Lost in translation: contractor bribe scandal can't get languages straight



    The $27 billion Halliburton bribery scandal is trapped in a language game involving France and Switzerland on the one hand, and Nigeria on the other, leading to a delay in the Nigerian investigation which commenced in April this year.

    The panel investigating the bribe allegation was asked to complete its task in August. However, on September 10, in Abuja, Nigeria’s Attorney General, Michael Aondoakaa, said that he had written to the two countries seeking their assistance in identifying the Nigerians who benefitted from the bribe but both countries requested that the demand be written in French language.

    One month after the request, the government is yet to translate the documents, and send a fresh demand.

    “The request was made to Switzerland and France. The request was written in English and they returned it saying: ‘translate into French’. We are in the process of doing that,” said Taye Akinyemi, the spokesperson for the Justice mister.

    Mr. Akinyemi, in an interview on Thursday, October 9, 2009, could not say how soon the translation process would be wrapped up.

    Why Switzerland and France?

    The government requested the assistance of France because Technip, the first of the companies involved in the TSKJ consortium that paid the bribe, is a French registered company. The company has also been investigated by French security agencies for the scandal.

    The Swiss government’s assistance is being sought because of preliminary investigations which showed that some of the money including those allegedly meant for late President Sani Abacha, was deposited in Swiss banks.


    NEXT on Sunday, in its edition of May 3, 2009 detailed how three successive Nigerian leaders: the late Sani Abacha, Abdulsalam Abubakar, and Olusegun Obasanjo; former petroleum ministers; top officials of the Nigerian National Petroleum Commission (NNPC) including its former Group Managing Director, Gaius Obaseki; and the Peoples Democratic Party, had benefitted from the 180million dollar bribe.

    The bribes which were paid over a period of ten years (1994-2004) were used to secure liquefied natural gas contracts worth $6billion by the consortium.

    TSKJ, which was formed solely for the purpose of the contract, is made up of four companies.
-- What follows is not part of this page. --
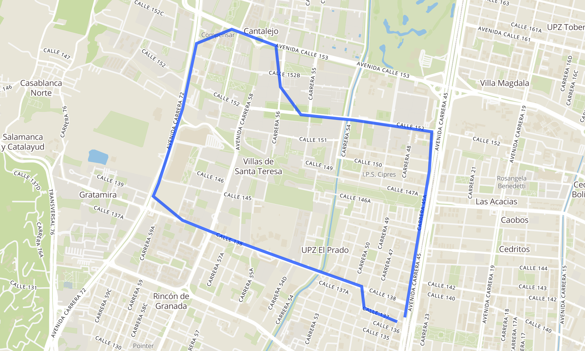 | Br. San José Del Prado (Kr 45a - Cl 137) | Estación Alcalá - Colegio Santo Tomás Dominicos (Auto Norte - Cl 136) |

They are Technip, a French company which operates in Nigeria as Technip Offshore Nigeria Limited; Snamprogetti, an Italian company which is a subsidiary of the French oil giant ENI; Kellogg Brown and Roots which was then a subsidiary of Halliburton of the USA but is now an independent company called KBR and JGC corporation, a Japanese company.

    Halliburton and KBR paid $579miilion to US agencies for the bribe payments made to Nigerian officials. Both companies have been investigated while the other companies involved are also being tried or investigated in their countries.

    Jeffery Tesler, the British lawyer through whom the bribes were paid, is also in police custody in the United Kingdom for the bribes.

    No hope in sight

    Based on public pressure, the government on April 21 inaugurated a five-member committee headed by the Inspector General of Police, Mike Okiro, to probe the bribery scam.

    The panel which is now being headed by the new Inspector General of Police, Ogbonnaya Onovo, also has, as members, the chairperson of the Economic and Financial Crimes Commission; the head of the Nigerian Intelligence Agency; the National Security Adviser, and the head of the State Security Service.

    Although last week the probe panel announced that it had secured French and Swiss visas for its members, it still has not got the translated documents needed to make any trip to those countries relevant. Nigerians will have to wait longer if they are ever to know which of their officials shared the funds from the Halliburton bribe.